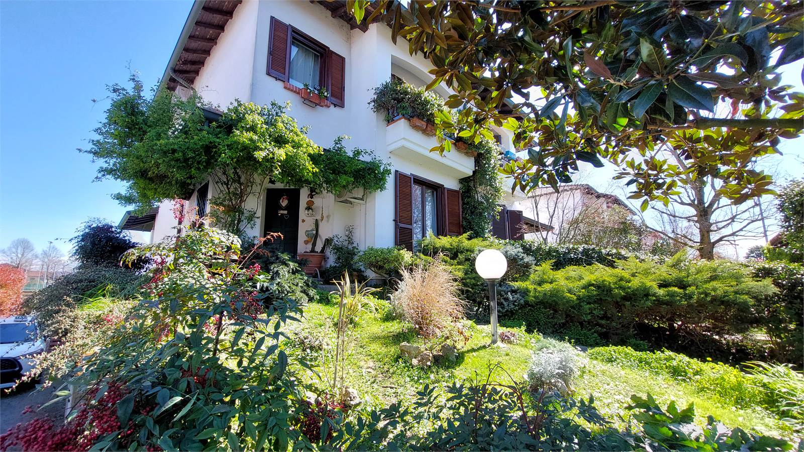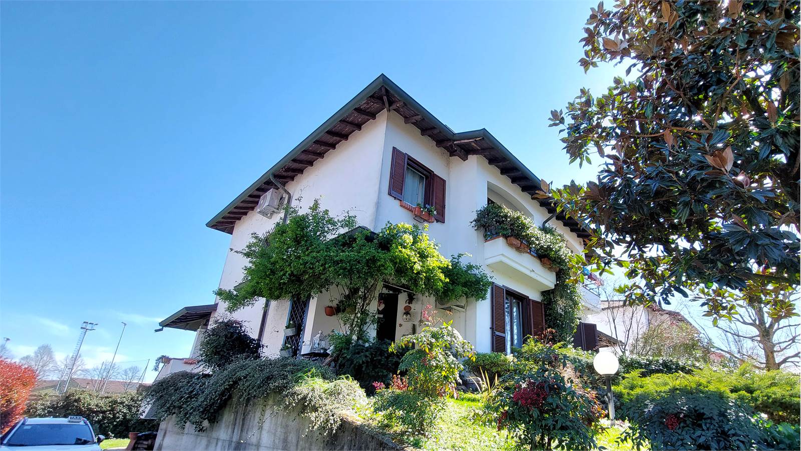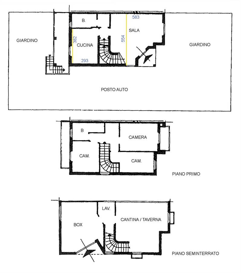 Al piano seminterrato trova spazio un’ampia taverna con camino, ambiente caldo e conviviale perfetto per momenti in famiglia o con amici, oltre al box autorimessa. La proprietà è completata da un giardino frontale e da un secondo spazio verde sul lato della cucina; nel cortiletto è inoltre possibile parcheggiare comodamente un’autovettura.
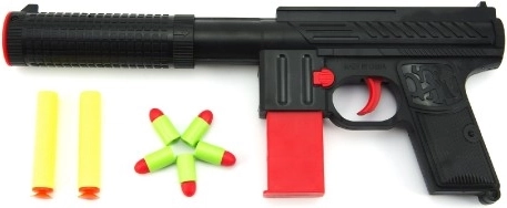 Designet med aftagelig lyddæmper og rødt magasin stimulerer fantasien og giver legen et autentisk præg uden at gå på kompromis med sikkerheden.
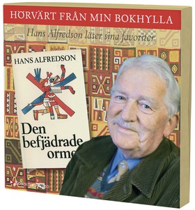Inspiration till Den befjädrade ormen fick Hans Alfredson när han läste Eirik Rödes saga, som handlar om när vikingarna fann Amerika. I boken har Alfredson valt att vända på det och berätta om hur det gick till när indianerna (i det här fallet Toltekerna) fann Europa. Researchen känns rigorös. Jag lyssnade på boken som ljudbok och kände mig tvungen att googla på den för att hitta namnen på karaktärerna och att döma av Wikipedia så flera av namnen de autentiska namnen på de gudomar som tillbads i den toltekiska kulturen (Quetzalcoatl – ”den befjädrade ormen” är en av dem) och på personer som varit betydelsefulla i den. Jag tror säkert att det Alfredson skriver om livet bland toltekerna också är baserade på fakta. Ytterst är det dock, som oftast med Alfredson, en bok med humor och värme. Den berättar om två tolteker ur olika sociala skikt och deras äventyr, långa resor och liv.
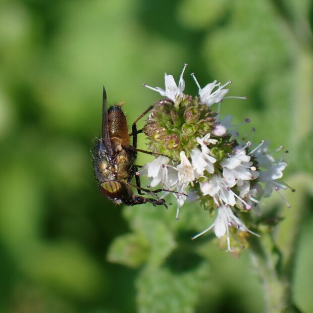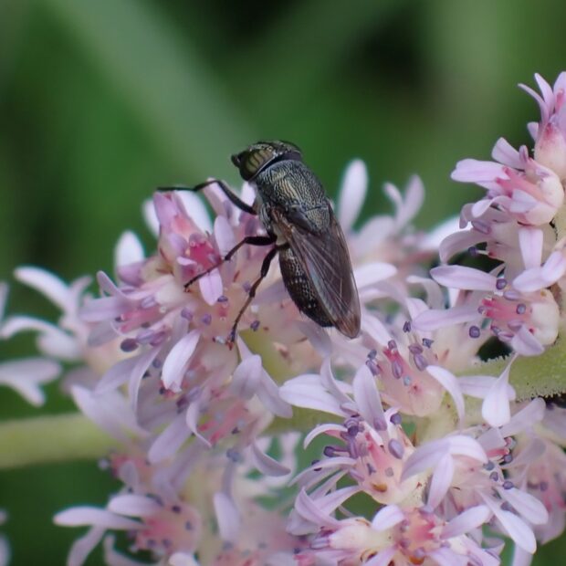 真冬の暖かい日、 菜の花は小さな虫たちで賑わう。 左はキゴシハナアブ、 右はツマグロキンバエ。
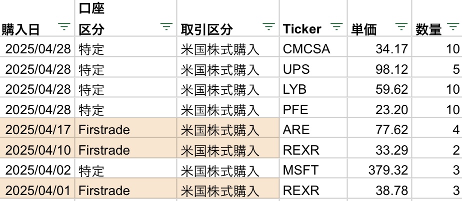 素材・化学メーカーであるLYB(ライオンデルバセル)はトランプ関税の影響を大きく受ける銘柄ということもあり、下落しています。景気循環(シクリカル)銘柄でもあるため、下落幅の大きさは想定の範囲内ですが、金融セクターと同様、長期で保有する株ではないですね。将来的に株価が上昇したタイミングでは売ることを見越して、少しずつポジションを増やしていきたいです。
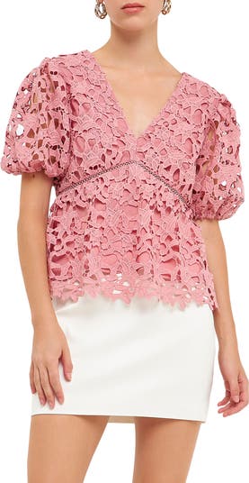 Full of romantic charm, this floral-lace top features puff sleeves and a flouncy finish.
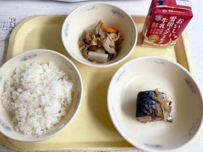 今日の給食は、ごはん、さばのしょうが煮、あいまぜ、牛乳でした。
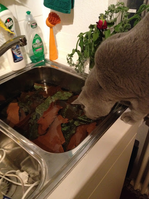 Zuhause krumpelten sich die Teile in der Sommerhitze so schnell zusammen, dass ich alle Borkenstücke einweichte (zu Chewbaccas Freude). Wieder weich geworden wickelte ich die Borkenstücke zum Trocknen um Flaschen, fixierte die Gebinde mit Gummibändern und Schnüren und vergaß alles auf dem Balkon.
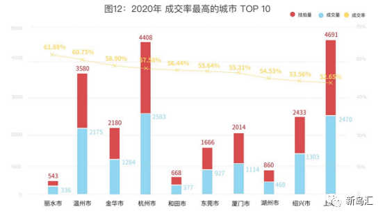 房抵貸放款和不良資產投資最熱的地區一直是北京、上海、廣州、杭州、深圳等一線城市,而上海又是這些城市中最熱的,當上海法拍限購以后,可能會導致部分投資機構由上海轉向其他地區進行投資,比如成都、青島、重慶等新一線城市。根據為睿學院數據統計,全國成交率城市排名中,最高的是重慶,2020年成交7624套房。通過成交量和成交率城市排名也能看出一些新的機會。
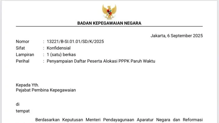 Surat BKN bernomor 13221/B-SI.01.01/SD/K/2025 tertanggal 6 September 2025 itu diterima Pemkot Parepare pada Senin, 8 September 2025 sekitar pukul 12.00 WITA.

# # #

● ACTION ITEM: All lines above from the one containing "Full of romantic" up to and including the one containing "房抵貸放款和不良資產投資最熱" are to be set down exactly, and nothing else. Leave images out.

● EXPECTED ANSWER:
 Full of romantic charm, this floral-lace top features puff sleeves and a flouncy finish.
 今日の給食は、ごはん、さばのしょうが煮、あいまぜ、牛乳でした。
 Zuhause krumpelten sich die Teile in der Sommerhitze so schnell zusammen, dass ich alle Borkenstücke einweichte (zu Chewbaccas Freude). Wieder weich geworden wickelte ich die Borkenstücke zum Trocknen um Flaschen, fixierte die Gebinde mit Gummibändern und Schnüren und vergaß alles auf dem Balkon.
 房抵貸放款和不良資產投資最熱的地區一直是北京、上海、廣州、杭州、深圳等一線城市,而上海又是這些城市中最熱的,當上海法拍限購以后,可能會導致部分投資機構由上海轉向其他地區進行投資,比如成都、青島、重慶等新一線城市。根據為睿學院數據統計,全國成交率城市排名中,最高的是重慶,2020年成交7624套房。通過成交量和成交率城市排名也能看出一些新的機會。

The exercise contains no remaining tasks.